WHAT THE TASK ASKS: Please make sure what you return matches the listing below exactly, minus its pictures.

DATA FOR REVIEW:
::::

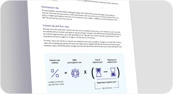 Protective Indexed ChoiceSM UL | Product guide How the indexed account works Protective Indexed Choice UL uses a simple calculation to determine how much interest your policy will earn in the indexed account. Participation rate The participation rate determines what percentage of the S&P 500’s increase will apply to your policy as interest. Protective Life guarantees a 100% participation rate for the life of your Protective Indexed Choice UL policy. A higher participation rate does not necessarily mean a higher crediting rate, which depends on the S&P 500 performance and the cap rate. Interest cap and 昀氀oor rates The cap rate is the maximum interest rate that can be credited to your policy. Your indexed account value will be credited with an interest rate equal to any percentage increase in the S&P 500 (excluding dividends) during the indexed segment year, up to the speci昀椀ed current cap rate. The interest cap rate is guaranteed to never drop below 3% and is subject to change at the discretion of Protective. The 昀氀oor rate is the minimum interest rate credited to your policy based on changes to the S&P 500. The 昀氀oor rate is 0%, meaning your policy will never lose value due to negative S&P 500 performance during that year. However, keep in mind that policy charges and fees are still withdrawn from your policy value during this time. Interest rate 100% End of Beginning of credited participation rate segment year3 segment year3 = X — (subject to interest 3 cap and 昀氀oor rates) Beginning of segment year S&P 500 Value 3 Excluding dividends 4
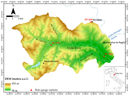 Three rain gauge stations are currently active in the study area (Figure 1), managed by the Civil Protection of the Marche Region: Ca’ Mazzasette station (RT-1056), Bronzo station (RT-1156), Tavoleto station (RT-2846).
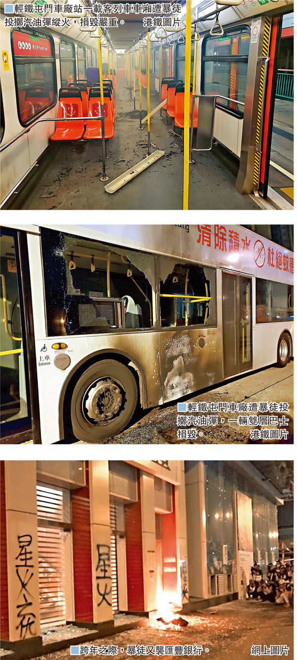 至昨日凌晨踏入2020年元旦後,黑衣魔的暴力升級,在多區向載有大批乘客的列車縱火。昨日凌晨2時許,一列開往屯門碼頭方向的615P線輕鐵,駛至屯門車廠站上落客期間,突有最少3名黑衣魔進入頭卡車廂內投擲汽油彈縱火。
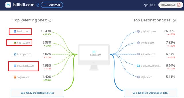 推介的数量非常少,其中只有19.49%的访问者来自百度
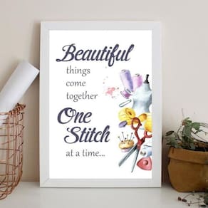 Quadro para atelier de costura - frase 24x18cm - com vidro
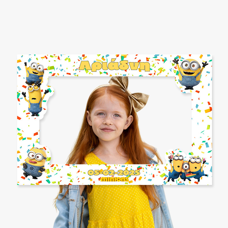 Προσωποποιημένο κάδρο Photobooth με θέμα Minions, για να φωτογραφηθείτε μαζί με τους καλεσμένους σας.
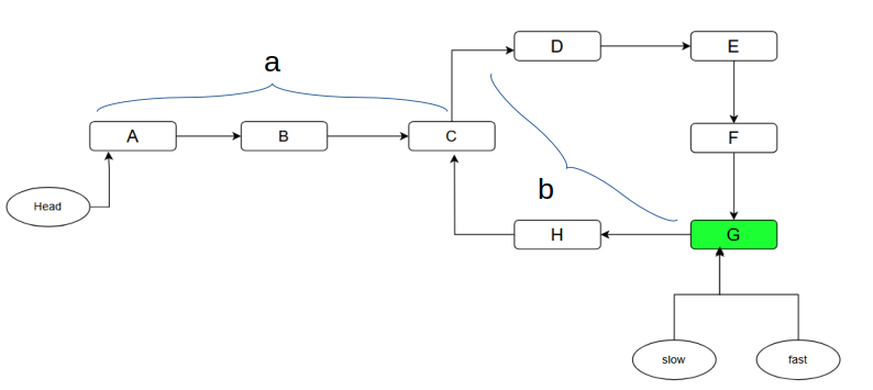 - $b$ is the distance between C and G, i.e., distance between the starting point of cycle and meeting point of both pointers.
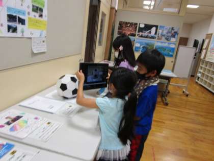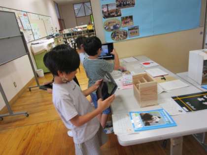 他の学年の作品を見て回っています。どの学年も素敵な作品ばかりで驚いていました。
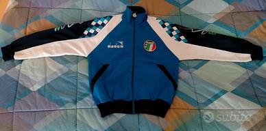 Vendo tuta di rappresentanza (giacca) della nazionale di calcio a Italia 90. Marca Diadora. Condizioni perfette praticamente pari al nuovo, anche se la tuta ha 30 anni. Taglia 38. Ascella ascella 45 Collo vita 55 Ritiro a Verona zona Borgo Roma. Spedizione altrove da concordare con l'acquirente. Contatto tramite sms, chiamata, whatsapp o app di Subito. Grazie.
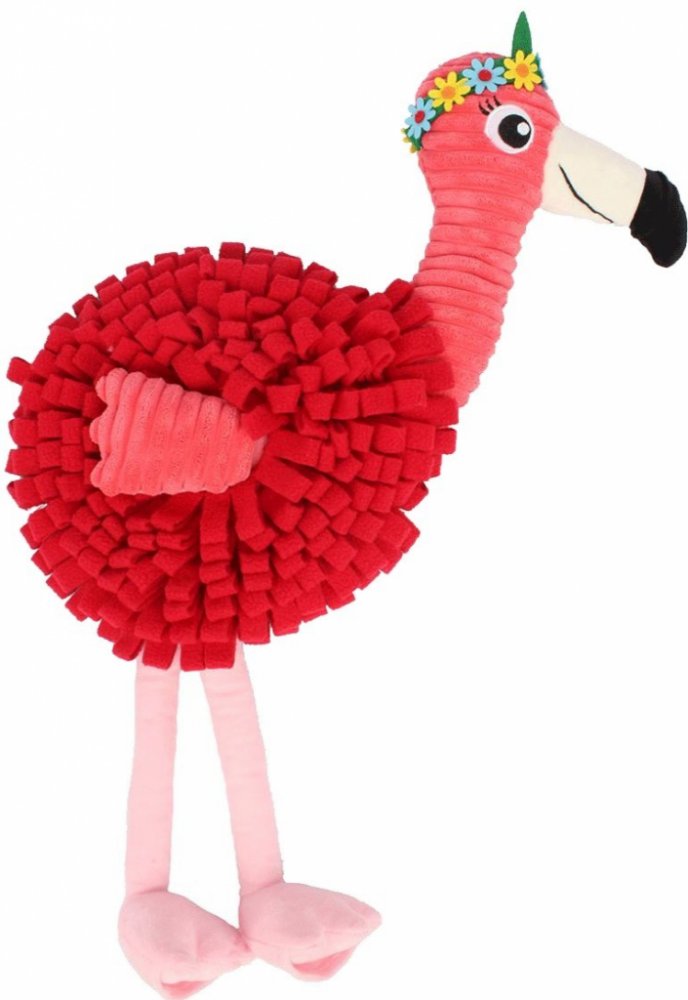 Huhubamboo čichací plameňák je interaktivní plyšová hračka pro psy nebo kočky. Obyčejná plyšová hračka je skombinovaná s praktickou čichací podložkou. Tělo plameňáka je totiž vytvořeno ze střapců, kde se dají ukrývat pamlsky. Hračka tak funguje nejen jako interaktivní hračka, ale také jako pomůcka proti hltaní a rychlému polykání. Do hračky mezi střapce nasypete pár pamlsků nebo granulí a čichací hra s odměnou pro vašeho mazlíčka může začít. Zpomalený příjem potravy redukuje významným způsobem nadýmání a špatné trávení. Všestranná hračka pro zabavení a hru spojenou s jídlem. Uvnitř hračky se nachází šustivý papír pro šustivý efekt a větší zaujetí vašeho mazlíčka. Rozměry: 57 cm x 34 cm x 6 cm. Materiál: 100% polyester. Upozornění: Dbejte na to, aby vaše zvíře nesnědlo žádnou část hračky, mohlo by to mít nepříjemné následky. Upozornění: Dbejte na to, aby vaše zvíře nesnědlo žádnou část hračky, mohlo by to mít nepříjemné následky. Není hračka pro děti. Určeno pouze pro psy.
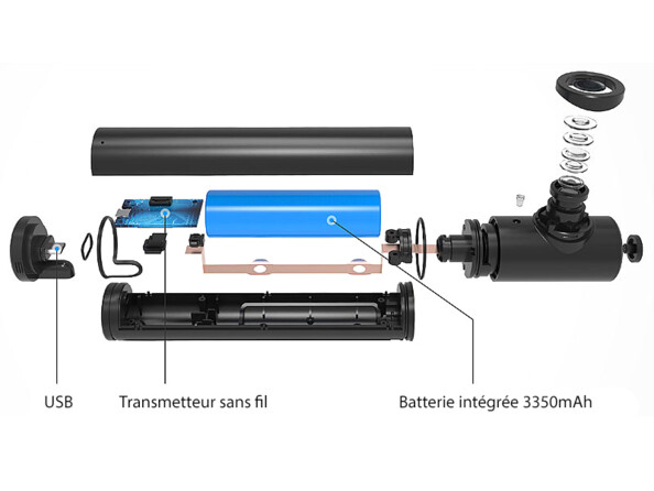 - Alimentation caméra : batterie Li-ion 3300 mAh permettant jusqu'à 500 transmissions pour un chargement de la batterie

::::

ANSWER TO THIS PROBLEM:
 Protective Indexed ChoiceSM UL | Product guide How the indexed account works Protective Indexed Choice UL uses a simple calculation to determine how much interest your policy will earn in the indexed account. Participation rate The participation rate determines what percentage of the S&P 500’s increase will apply to your policy as interest. Protective Life guarantees a 100% participation rate for the life of your Protective Indexed Choice UL policy. A higher participation rate does not necessarily mean a higher crediting rate, which depends on the S&P 500 performance and the cap rate. Interest cap and 昀氀oor rates The cap rate is the maximum interest rate that can be credited to your policy. Your indexed account value will be credited with an interest rate equal to any percentage increase in the S&P 500 (excluding dividends) during the indexed segment year, up to the speci昀椀ed current cap rate. The interest cap rate is guaranteed to never drop below 3% and is subject to change at the discretion of Protective. The 昀氀oor rate is the minimum interest rate credited to your policy based on changes to the S&P 500. The 昀氀oor rate is 0%, meaning your policy will never lose value due to negative S&P 500 performance during that year. However, keep in mind that policy charges and fees are still withdrawn from your policy value during this time. Interest rate 100% End of Beginning of credited participation rate segment year3 segment year3 = X — (subject to interest 3 cap and 昀氀oor rates) Beginning of segment year S&P 500 Value 3 Excluding dividends 4
 Three rain gauge stations are currently active in the study area (Figure 1), managed by the Civil Protection of the Marche Region: Ca’ Mazzasette station (RT-1056), Bronzo station (RT-1156), Tavoleto station (RT-2846).
 至昨日凌晨踏入2020年元旦後,黑衣魔的暴力升級,在多區向載有大批乘客的列車縱火。昨日凌晨2時許,一列開往屯門碼頭方向的615P線輕鐵,駛至屯門車廠站上落客期間,突有最少3名黑衣魔進入頭卡車廂內投擲汽油彈縱火。
 推介的数量非常少,其中只有19.49%的访问者来自百度
 Quadro para atelier de costura - frase 24x18cm - com vidro
 Προσωποποιημένο κάδρο Photobooth με θέμα Minions, για να φωτογραφηθείτε μαζί με τους καλεσμένους σας.
 - $b$ is the distance between C and G, i.e., distance between the starting point of cycle and meeting point of both pointers.
 他の学年の作品を見て回っています。どの学年も素敵な作品ばかりで驚いていました。
 Vendo tuta di rappresentanza (giacca) della nazionale di calcio a Italia 90. Marca Diadora. Condizioni perfette praticamente pari al nuovo, anche se la tuta ha 30 anni. Taglia 38. Ascella ascella 45 Collo vita 55 Ritiro a Verona zona Borgo Roma. Spedizione altrove da concordare con l'acquirente. Contatto tramite sms, chiamata, whatsapp o app di Subito. Grazie.
 Huhubamboo čichací plameňák je interaktivní plyšová hračka pro psy nebo kočky. Obyčejná plyšová hračka je skombinovaná s praktickou čichací podložkou. Tělo plameňáka je totiž vytvořeno ze střapců, kde se dají ukrývat pamlsky. Hračka tak funguje nejen jako interaktivní hračka, ale také jako pomůcka proti hltaní a rychlému polykání. Do hračky mezi střapce nasypete pár pamlsků nebo granulí a čichací hra s odměnou pro vašeho mazlíčka může začít. Zpomalený příjem potravy redukuje významným způsobem nadýmání a špatné trávení. Všestranná hračka pro zabavení a hru spojenou s jídlem. Uvnitř hračky se nachází šustivý papír pro šustivý efekt a větší zaujetí vašeho mazlíčka. Rozměry: 57 cm x 34 cm x 6 cm. Materiál: 100% polyester. Upozornění: Dbejte na to, aby vaše zvíře nesnědlo žádnou část hračky, mohlo by to mít nepříjemné následky. Upozornění: Dbejte na to, aby vaše zvíře nesnědlo žádnou část hračky, mohlo by to mít nepříjemné následky. Není hračka pro děti. Určeno pouze pro psy.
 - Alimentation caméra : batterie Li-ion 3300 mAh permettant jusqu'à 500 transmissions pour un chargement de la batterie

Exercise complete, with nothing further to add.